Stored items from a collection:
* * *

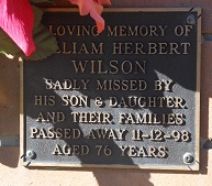 In loving memory of WILLIAM HERBERT WILSON Sadly missed by his son & daughter and their families Passed away 11.12.98 Aged 76 years. Birth Cert No. 1922/c10662 Parents : William Herbert Wilson and Alice Ellen nee Allwood. |
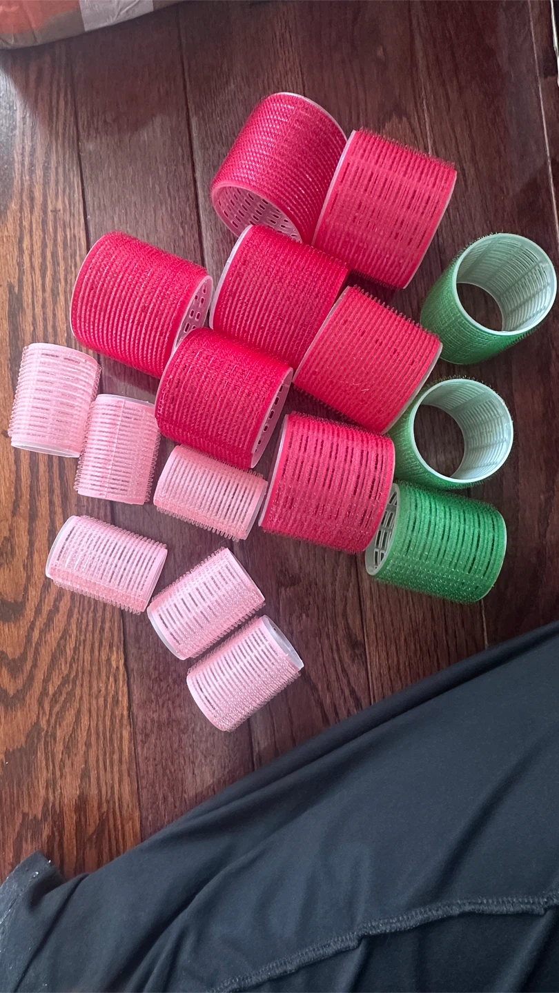 Selling a set of hair rollers in pink, red, and green colours! They are in great condition and ready to use for creating beautiful curls and waves
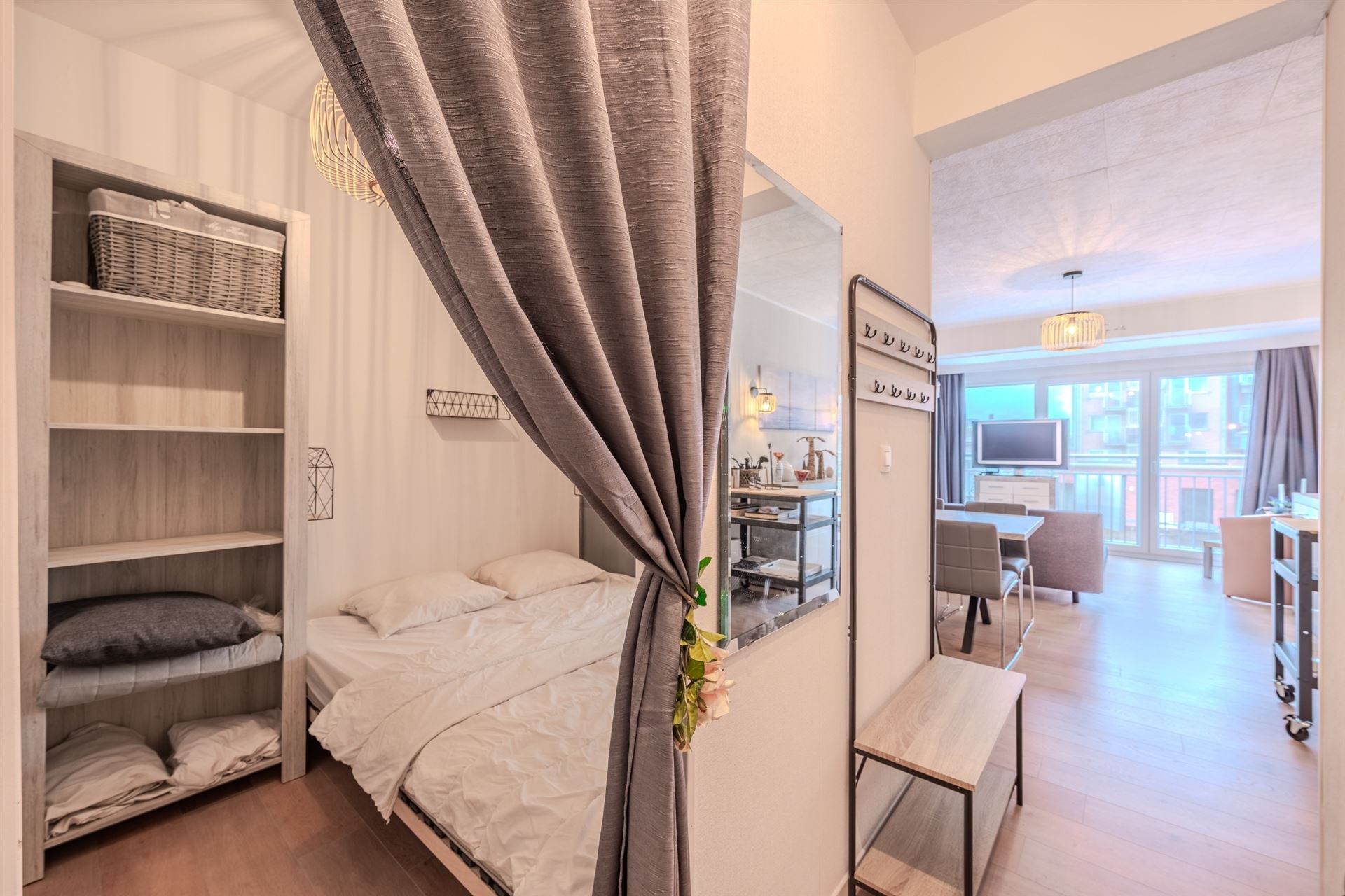 Te koop: instapklare, gemeubelde studio op de zesde verdieping in het centrum van Middelkerke.
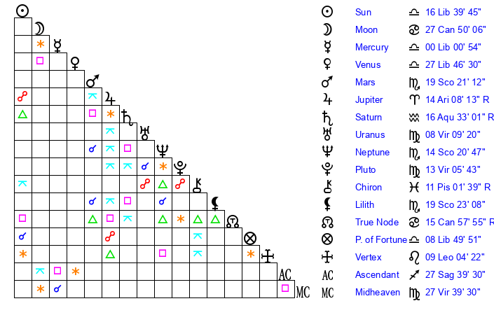 | Venus | 27 Libra 47 | 26 Virgo 3 | 15 Capricorn 1 |
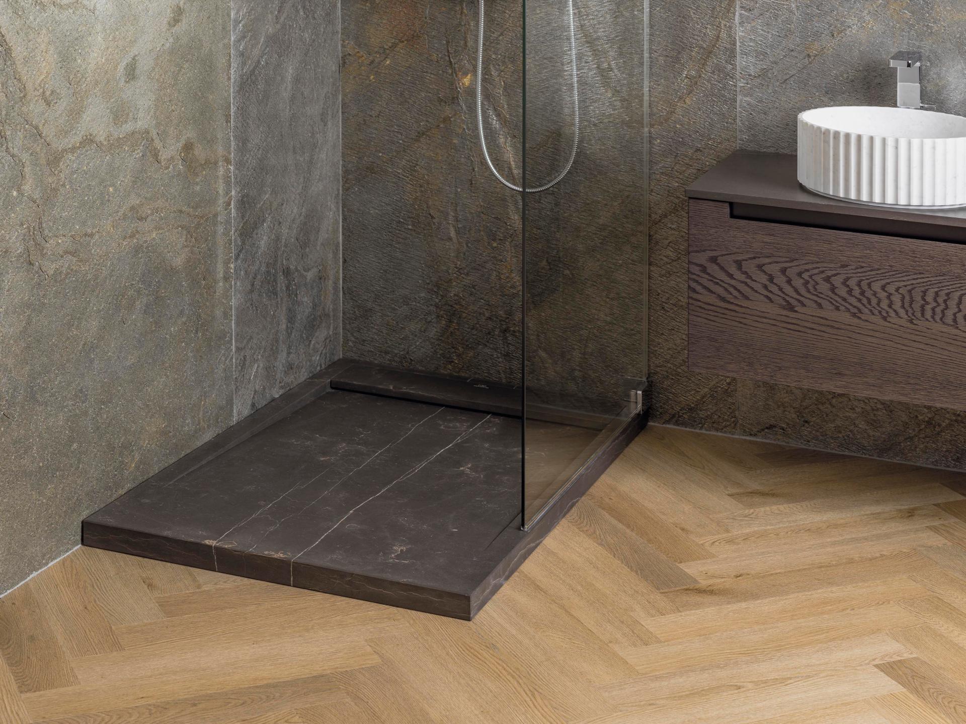 Garnitură de piatră. La cerere, garniturile de scurgere pot fi realizate din același material și finisaj ca și cada de duș.
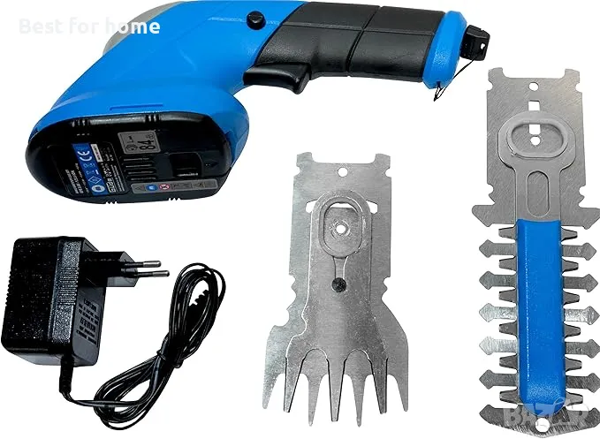 Приставка за ножици за трева, приставка за жив плет и храсти са включени.
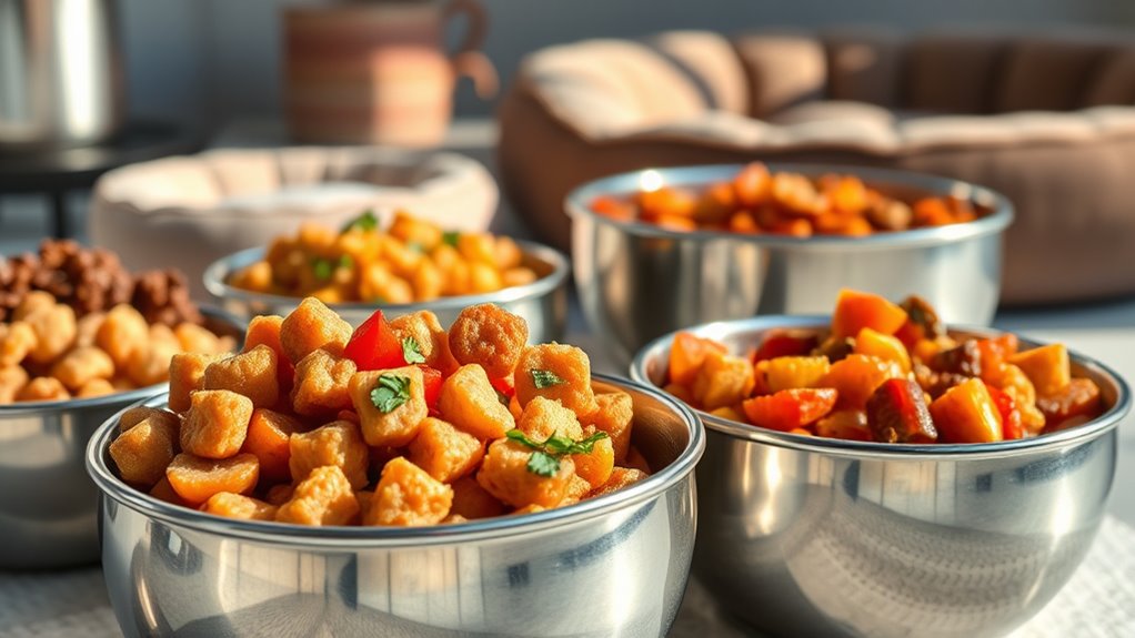 Ensuring my pet’s food offers complete and balanced nutrition is essential for their overall health. I look for brands that meet established standards, like those set by AAFCO, to confirm the food is formulated for maintenance, growth, or other specific needs. Checking ingredient labels helps me identify high-quality proteins, healthy fats, and fiber, while avoiding fillers, artificial preservatives, and low-nutrient additives. I also consider whether the food provides the right balance of macronutrients and micronutrients suited to my pet’s age, breed, and health conditions. Including natural ingredients and steering clear of artificial additives guarantees a nutritionally complete profile that supports their well-being. This careful approach helps me choose a gourmet food that truly nourishes my furry friend.
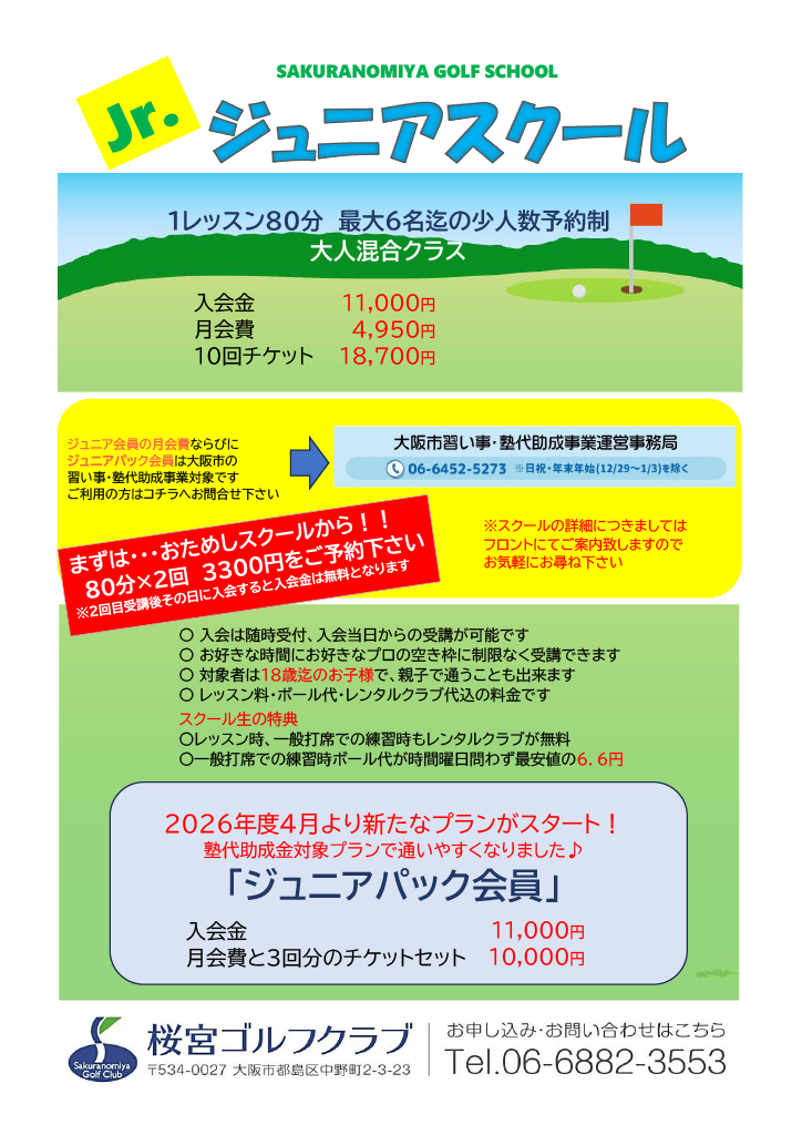 ※レッスン内容・時間割等が異なりますので、お申し込み時は桜宮ゴルフクラブまでお電話ください
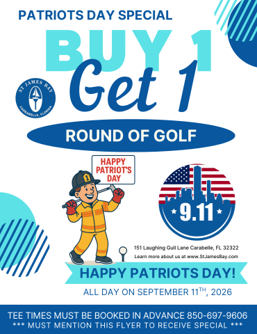 Honor Patriots Day at St. James Bay with a special Buy One, Get One round of golf. Bring a friend and enjoy a meaningful day on the course as we commemorate the heroes of 9/11. Tee times fill quickly—book early and mention this flyer to redeem.
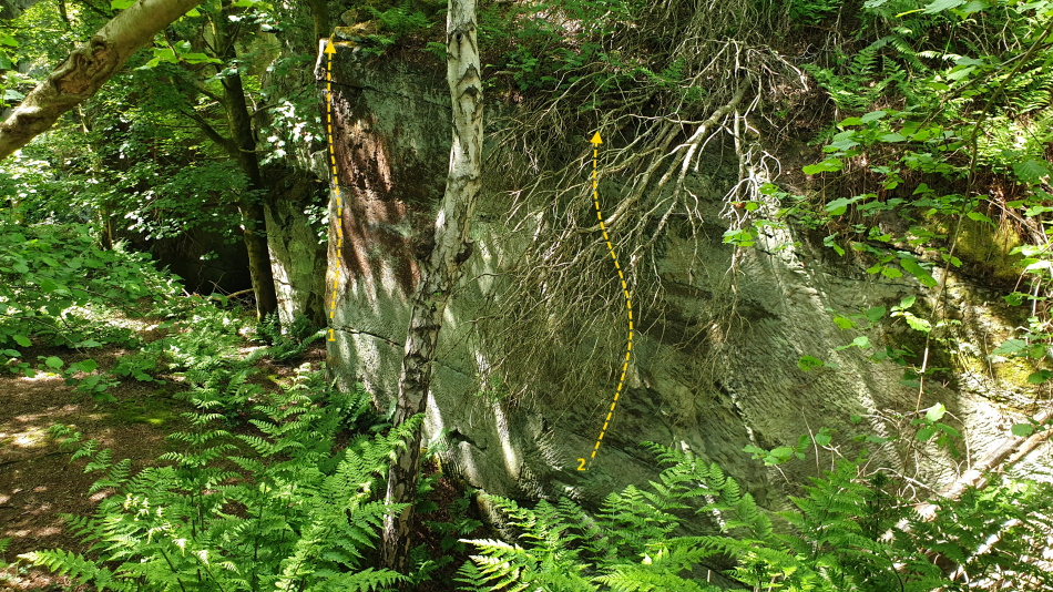| 2 | Inspector Moss | 6C+ | From the lowest part of the wall, undercut the lower horizontal break to eventually reach the sloping ramp. Make a scary rock-over to pass the sloping ramp and gain the top. Feels more like E4 6b and currently in desperate need of cleaning. |
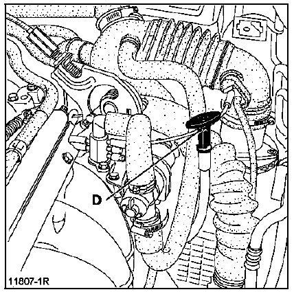 Vidanger la transmission automatique par aspiration par le tube de jauge (D) (voir chapitre concerné).

* * *

§ WHAT THE TASK ASKS:
Would you please repeat all the data word for word, but without the pictures?

§ SOLUTION FOR THIS EXERCISE:
 In loving memory of WILLIAM HERBERT WILSON Sadly missed by his son & daughter and their families Passed away 11.12.98 Aged 76 years. Birth Cert No. 1922/c10662 Parents : William Herbert Wilson and Alice Ellen nee Allwood. |
 Selling a set of hair rollers in pink, red, and green colours! They are in great condition and ready to use for creating beautiful curls and waves
 Te koop: instapklare, gemeubelde studio op de zesde verdieping in het centrum van Middelkerke.
 | Venus | 27 Libra 47 | 26 Virgo 3 | 15 Capricorn 1 |
 Garnitură de piatră. La cerere, garniturile de scurgere pot fi realizate din același material și finisaj ca și cada de duș.
 Приставка за ножици за трева, приставка за жив плет и храсти са включени.
 Ensuring my pet’s food offers complete and balanced nutrition is essential for their overall health. I look for brands that meet established standards, like those set by AAFCO, to confirm the food is formulated for maintenance, growth, or other specific needs. Checking ingredient labels helps me identify high-quality proteins, healthy fats, and fiber, while avoiding fillers, artificial preservatives, and low-nutrient additives. I also consider whether the food provides the right balance of macronutrients and micronutrients suited to my pet’s age, breed, and health conditions. Including natural ingredients and steering clear of artificial additives guarantees a nutritionally complete profile that supports their well-being. This careful approach helps me choose a gourmet food that truly nourishes my furry friend.
 ※レッスン内容・時間割等が異なりますので、お申し込み時は桜宮ゴルフクラブまでお電話ください
 Honor Patriots Day at St. James Bay with a special Buy One, Get One round of golf. Bring a friend and enjoy a meaningful day on the course as we commemorate the heroes of 9/11. Tee times fill quickly—book early and mention this flyer to redeem.
| 2 | Inspector Moss | 6C+ | From the lowest part of the wall, undercut the lower horizontal break to eventually reach the sloping ramp. Make a scary rock-over to pass the sloping ramp and gain the top. Feels more like E4 6b and currently in desperate need of cleaning. |
 Vidanger la transmission automatique par aspiration par le tube de jauge (D) (voir chapitre concerné).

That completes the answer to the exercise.